Source records
------------

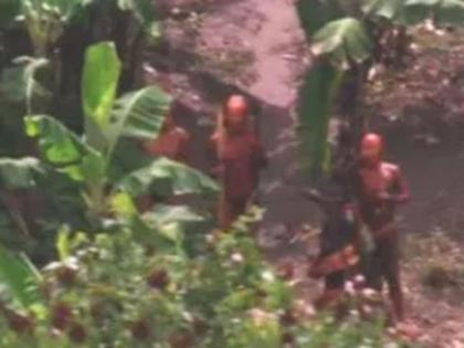 या फोटोंना झूम करुन पाहिल्यास आढळले की, या लोकांच्या हातात भाले आहेत आणि ते ड्रोन कॅमेराकडे पाहत आहेत.
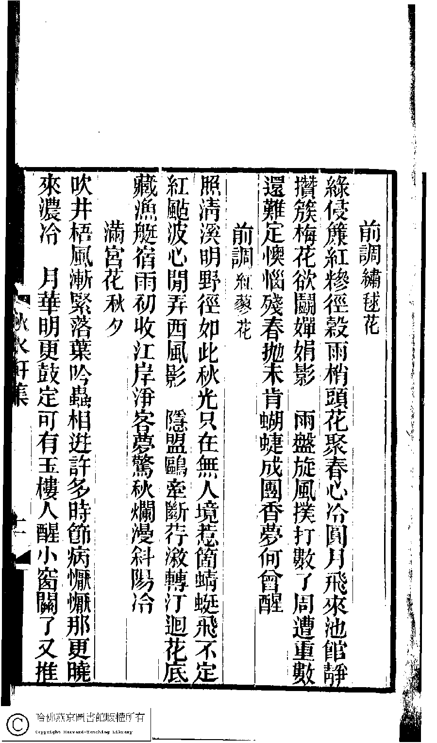 | (PRINT FRIENDLY VERSION) 林下雅音集﹕五種(淸冒俊輯) : 秋水軒詩詞集: 一卷。淸光緖十年(1884)刻本。 ![]() Page : 詞.11a | click for larger image | Back |
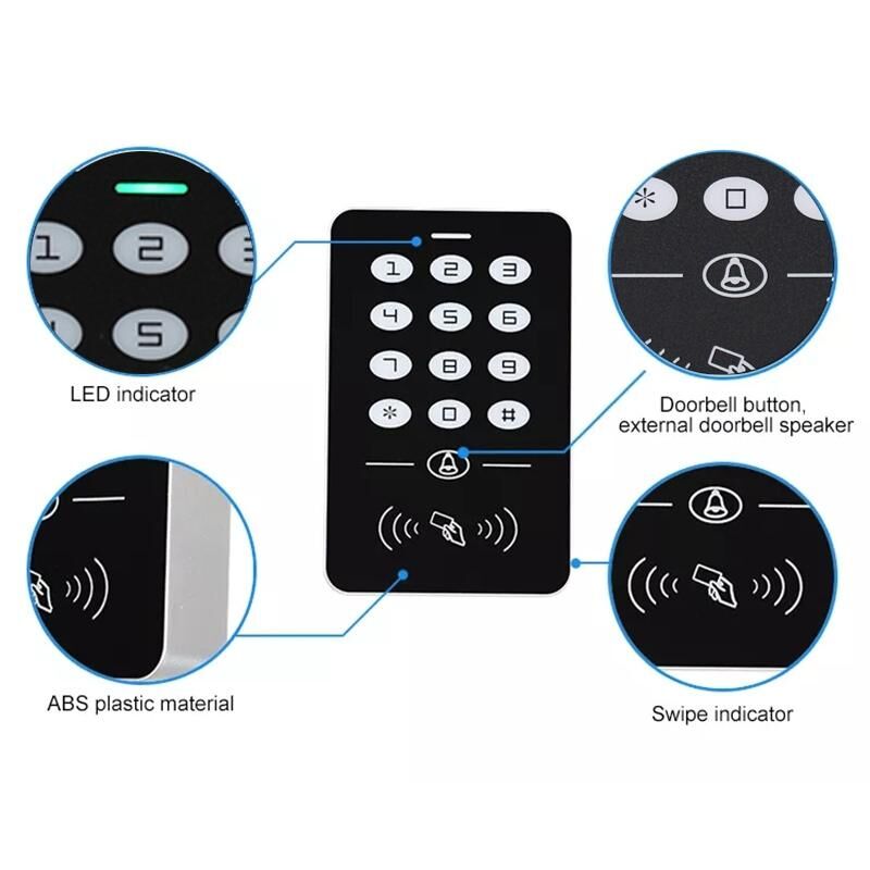 7. Αυτό το προϊόν είναι μια ολοκληρωμένη μηχανή ελέγχου πρόσβασης με κάρτα επαγωγής χωρίς επαφή και κωδικό πρόσβασης. Είναι απλό στη χρήση και αξιόπιστο στην απόδοση. Υποστηρίζει άνοιγμα της πόρτας με σάρωση κάρτας, με κωδικό πρόσβασης και με κάρτα και κωδικό πρόσβασης. Σήμα PUSH (χαμηλό επίπεδο) από ομάδα σε γείωση, μία θύρα για κουμπί εξόδου, μία θύρα για κουδούνι.
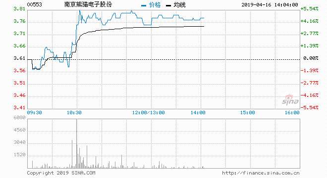 【南京熊貓(600775)、股吧】電子(00553)H股現(xiàn)飆升4.71%,報3.78元,盤中高見3.83元;成交約465萬股,涉資1739萬元。
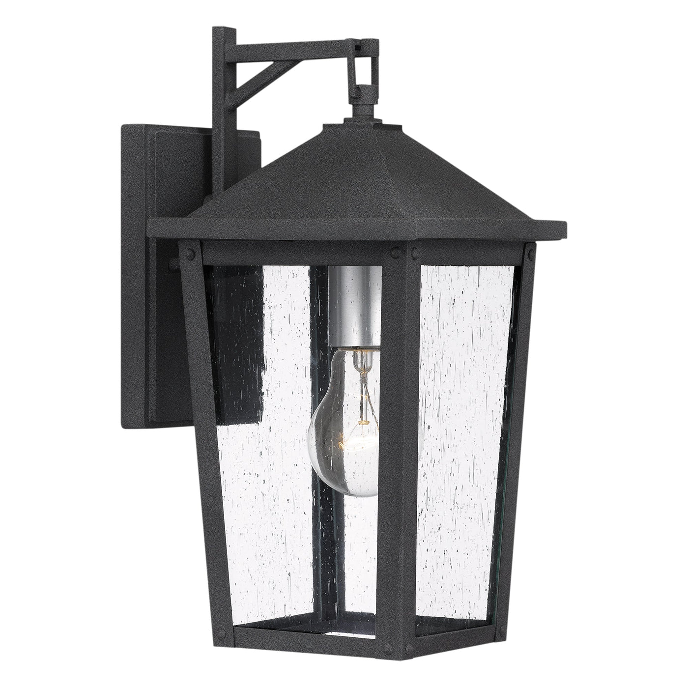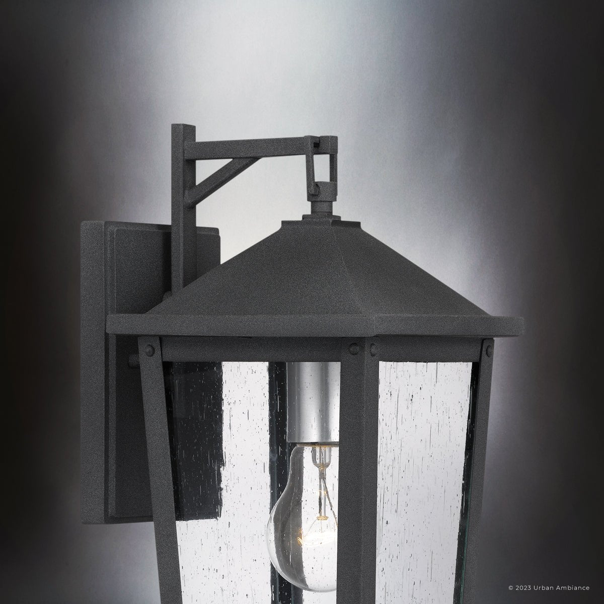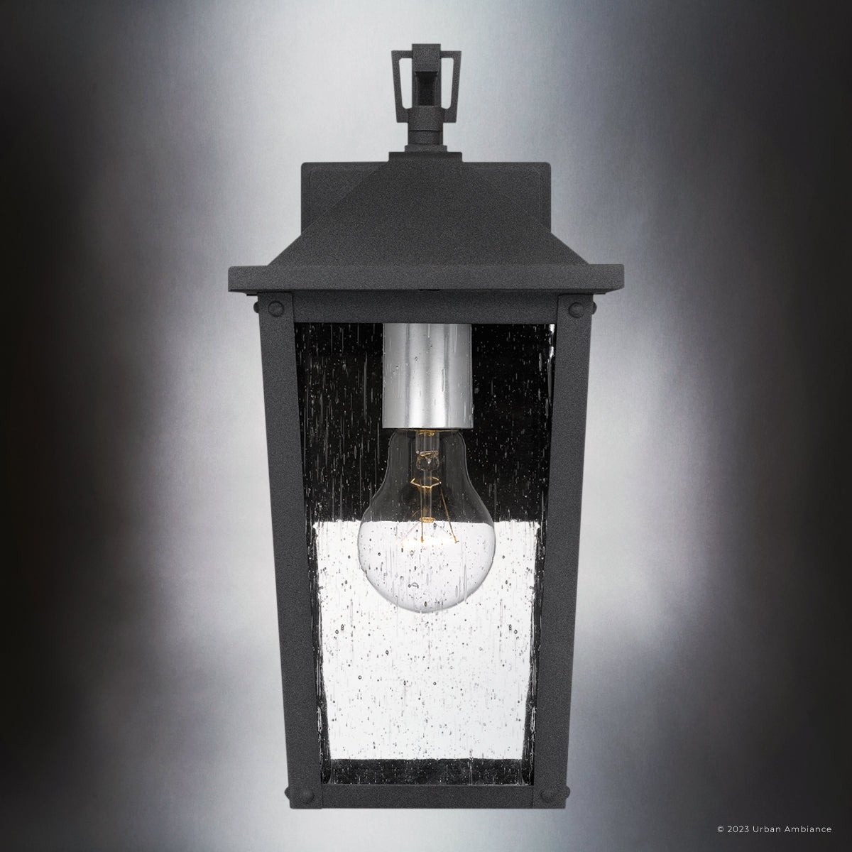 UQL1872 Modern Rustic Outdoor Wall Sconce, 13.25''H x 6.50''W x 7.75''D, Mottled Black Finish, Elmwood Collection
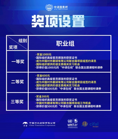 “中译邦青杯”大赛悉力于选拔具备邦际视野的优异青年翻译人才,撑持共同邦可继续兴盛对象等重心理念正在中邦的普及和扩大,并为中邦措辞任事优异人才供给显示和输出的邦际化平台,提倡青年人和措辞任事从业人士体会、走近邦际构造。
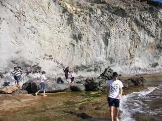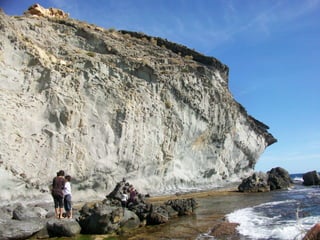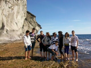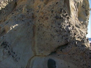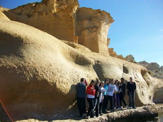 El documento describe una excursión educativa a las Calas de Terreros y Cocedores en Aguilas. La excursión incluye estudiar la formación de playas, recoger muestras de algas y conchas fósiles, y observar diferentes formaciones geológicas como esquisto, rocas volcánicas, y conglomerados. Los estudiantes también aprenden sobre la erosión, plantas marinas como la Posidonia oceánica, y la extracción de recursos.

------------

YOUR INSTRUCTIONS
After dropping every picture, transcribe each entry exactly.

WRITTEN RESPONSE
 या फोटोंना झूम करुन पाहिल्यास आढळले की, या लोकांच्या हातात भाले आहेत आणि ते ड्रोन कॅमेराकडे पाहत आहेत.
 | (PRINT FRIENDLY VERSION) 林下雅音集﹕五種(淸冒俊輯) : 秋水軒詩詞集: 一卷。淸光緖十年(1884)刻本。 ![]() Page : 詞.11a | click for larger image | Back |
 7. Αυτό το προϊόν είναι μια ολοκληρωμένη μηχανή ελέγχου πρόσβασης με κάρτα επαγωγής χωρίς επαφή και κωδικό πρόσβασης. Είναι απλό στη χρήση και αξιόπιστο στην απόδοση. Υποστηρίζει άνοιγμα της πόρτας με σάρωση κάρτας, με κωδικό πρόσβασης και με κάρτα και κωδικό πρόσβασης. Σήμα PUSH (χαμηλό επίπεδο) από ομάδα σε γείωση, μία θύρα για κουμπί εξόδου, μία θύρα για κουδούνι.
 【南京熊貓(600775)、股吧】電子(00553)H股現(xiàn)飆升4.71%,報3.78元,盤中高見3.83元;成交約465萬股,涉資1739萬元。
 UQL1872 Modern Rustic Outdoor Wall Sconce, 13.25''H x 6.50''W x 7.75''D, Mottled Black Finish, Elmwood Collection
 “中译邦青杯”大赛悉力于选拔具备邦际视野的优异青年翻译人才,撑持共同邦可继续兴盛对象等重心理念正在中邦的普及和扩大,并为中邦措辞任事优异人才供给显示和输出的邦际化平台,提倡青年人和措辞任事从业人士体会、走近邦际构造。
 El documento describe una excursión educativa a las Calas de Terreros y Cocedores en Aguilas. La excursión incluye estudiar la formación de playas, recoger muestras de algas y conchas fósiles, y observar diferentes formaciones geológicas como esquisto, rocas volcánicas, y conglomerados. Los estudiantes también aprenden sobre la erosión, plantas marinas como la Posidonia oceánica, y la extracción de recursos.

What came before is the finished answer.